El gran número de alcaldes condenados o procesados enturbia la campaña electoral

Isaltino Morais trató de guardar la compostura ante los periodistas a la salida de los juzgados de Sintra. Soy un chivo expiatorio de los políticos, dijo. Esbozó una sonrisa poco creíble y aseguró que mantenía su candidatura a la reelección como alcalde de Oeiras, municipio portugués de 162.000 habitantes, en el distrito de Lisboa. Los comicios municipales serán el 11 de octubre, poco después de las legislativas del 27 de septiembre. Un tribunal de tres jueces acababa de condenar a la máxima autoridad municipal de Oeiras (cargo que ostenta desde 1986) a siete años de prisión, inhabilitación para ejercer cargos públicos y una indemnización a Hacienda de medio millón de euros.

La sentencia, insólita por su dureza tratándose de un político, acerca el final de un proceso de cuatro años, salpicado de presiones, contra un dirigente que fue un valor preciado del conservador Partido Social Demócrata (PSD), principal fuerza de la oposición portuguesa, que en su día fue considerado alcalde-modelo y que fue ministro en el Gobierno de José Manuel Durão Barroso, actual presidente de la Comisión Europea. Morais, de 59 años, es, por cierto, ex magistrado.

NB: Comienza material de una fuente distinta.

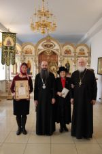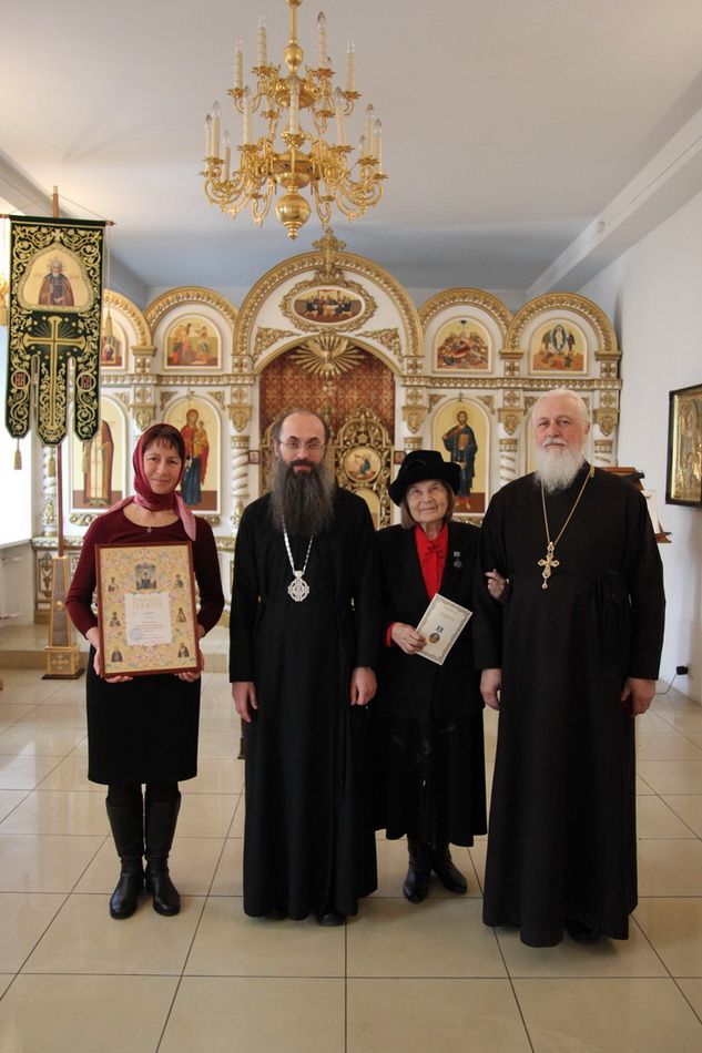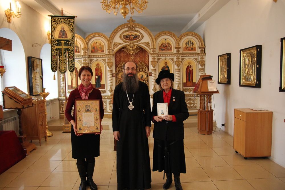 Владивосток. Епископ Уссурийский Иннокентий, викарий Владивостокской епархии в крестовом храме преподобного Сергия Радонежского вручил епархиальные награды авторам книги «Святыни Никольского кафедрального собора». По благословению митрополита Владивостокского и Приморского Вениамина автор и составитель книги прихожанка Никольского кафедрального собора Лариса Витальевна Александровская удостоена епархиальной медали "За церковные заслуги" III степени, Елена Тимофеевна Даныш награждена архиерейской грамотой.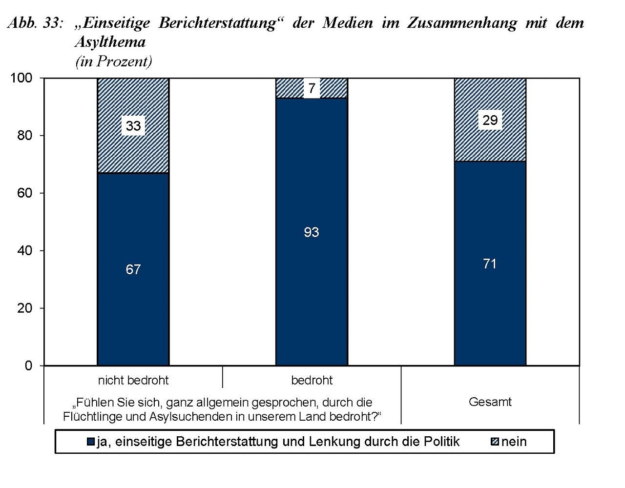 Das ist in erster Linie auf den Rückgang der neo-nationalsozialistischen Einstellungen von 9 auf 6 Prozent zurückzuführen. Die Zustimmung zur Aussage, dass Deutschland durch Ausländer in gefährlichem Maße überfremdet sei, (52 Prozent) hat sich jedoch gegenüber dem Vorjahr statistisch nicht signifikant verändert. Ein ähnliches Bild ergibt sich bei der Aussage, dass unser Land heute ein hartes und energisches Durchsetzen deutscher Interessen gegenüber dem Ausland brauche.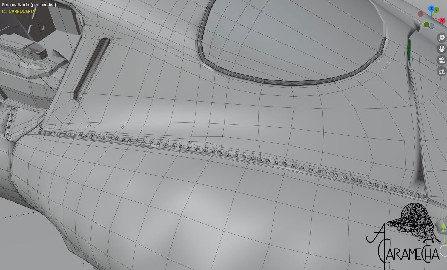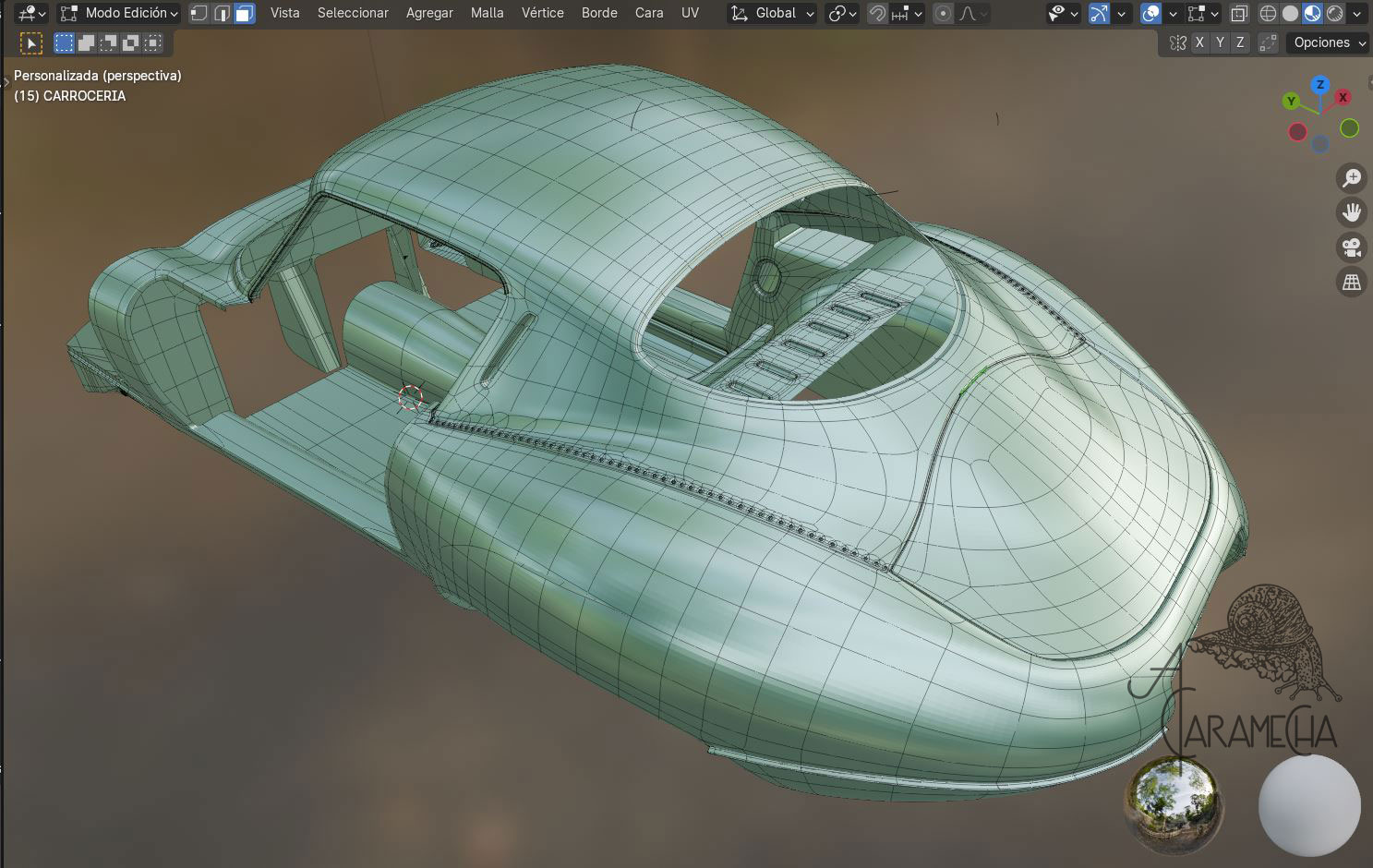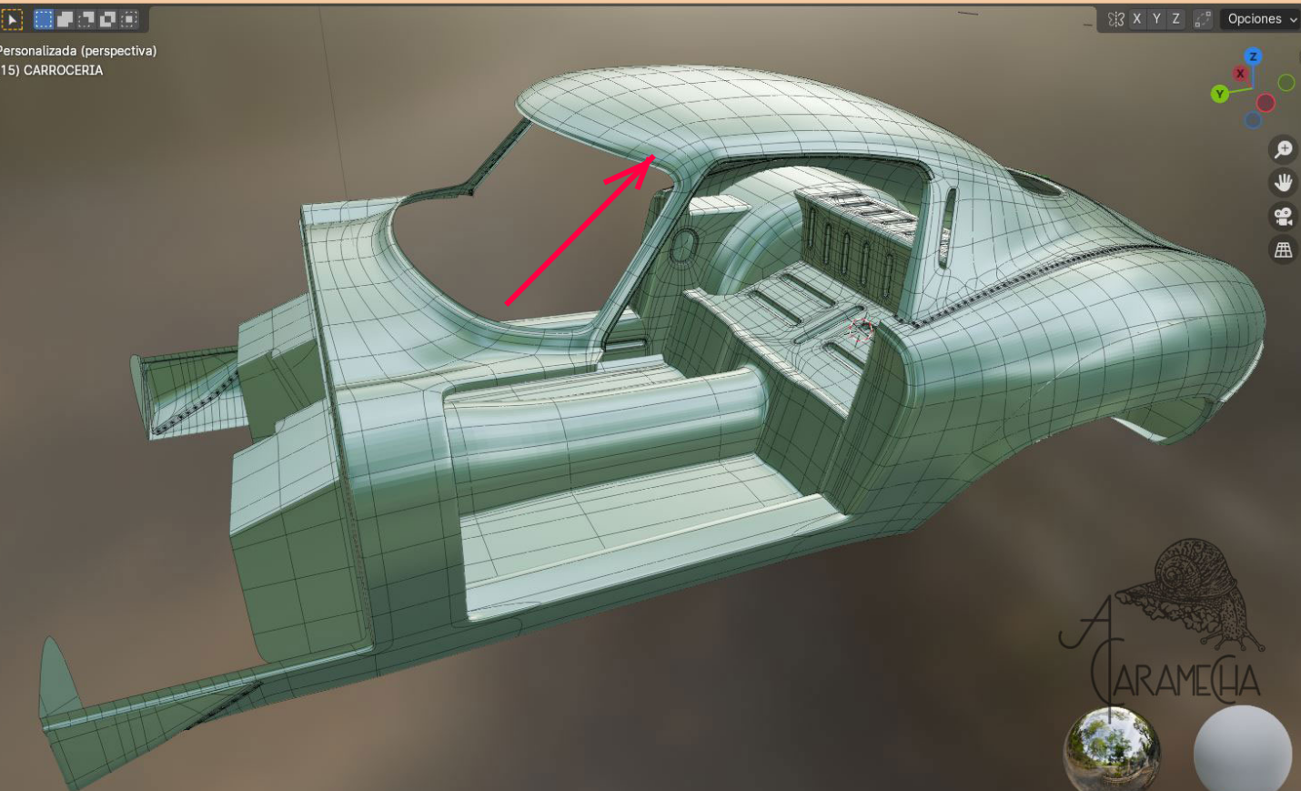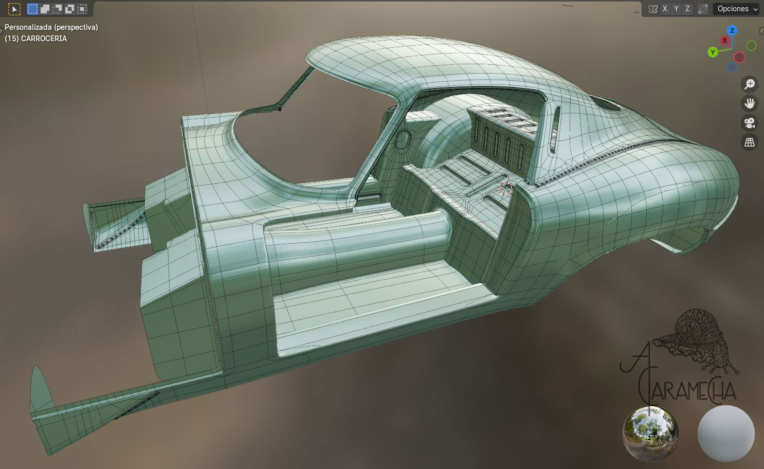 Esta es la malla que tenía en Max, la he importado en .obj. A partir de este punto, intentaré proseguir en Blender. Son capturas de pantalla, ya que empiezo de cero; no hay materiales ni luces... Empezamos.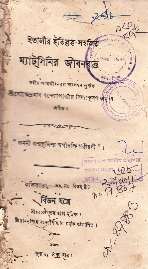ইতালীর ইতিবৃত্ত-সম্বলিত: ম্যাটসিনির জীবনবৃত্ত/

"Es una vergüenza para la democracia", dice el conservador Marques-Mendes

La sentencia incluye cuatro de los siete delitos de los que el alcalde estaba acusado: evasión, abuso de poder, corrupción y lavado de dinero. En sus conclusiones, el tribunal estima que Morais tuvo "una conducta que mina los fundamentos del Estado democrático". Como el abogado defensor presentó recurso inmediatamente, la condena no será firme hasta que se pronuncie el tribunal de apelaciones. El caso, pues, no está cerrado. Mientras la justicia no diga su última palabra, el señor alcalde sigue en su puesto. Y con ganas de repetir.

Varios de los candidatos a la alcaldía de Oeiras han expresado su intención de no usar en campaña el escándalo, pero han pedido a Morais que reflexione y retire su candidatura.

Isaltino Morais fue procesado en 2005 por ser titular de cuentas bancarias no declaradas en Suiza y en el KBC Bank Brussel, en Bélgica. Según la acusación, el alcalde recibía dinero en sobres que se entregaban en su despacho del Ayuntamiento, para licitar títulos de propiedad, construcciones y permutas de terrenos.

El caso se añade a una lista cada día más larga de regidores condenados, y que siguen en sus alcaldías gracias a una legislación permisiva con la presentación de recursos y a la lentitud de la justicia. Esto, en precampaña electoral, es un problema. Aparecen de nuevo en la prensa nombres como el de Fátima Felgueiras, alcaldesa socialista de Felgueiras, protagonista de uno de los casos más mediáticos. Envuelta en un asunto de corrupción y financiación ilegal, escapó a una orden de prisión preventiva y se refugió en Brasil. A su regreso fue detenida y condenada, pero recurrió y compitió de nuevo por el puesto, esta vez como independiente, en las elecciones de 2005. Ganó y mantiene el cargo a la espera de una sentencia definitiva.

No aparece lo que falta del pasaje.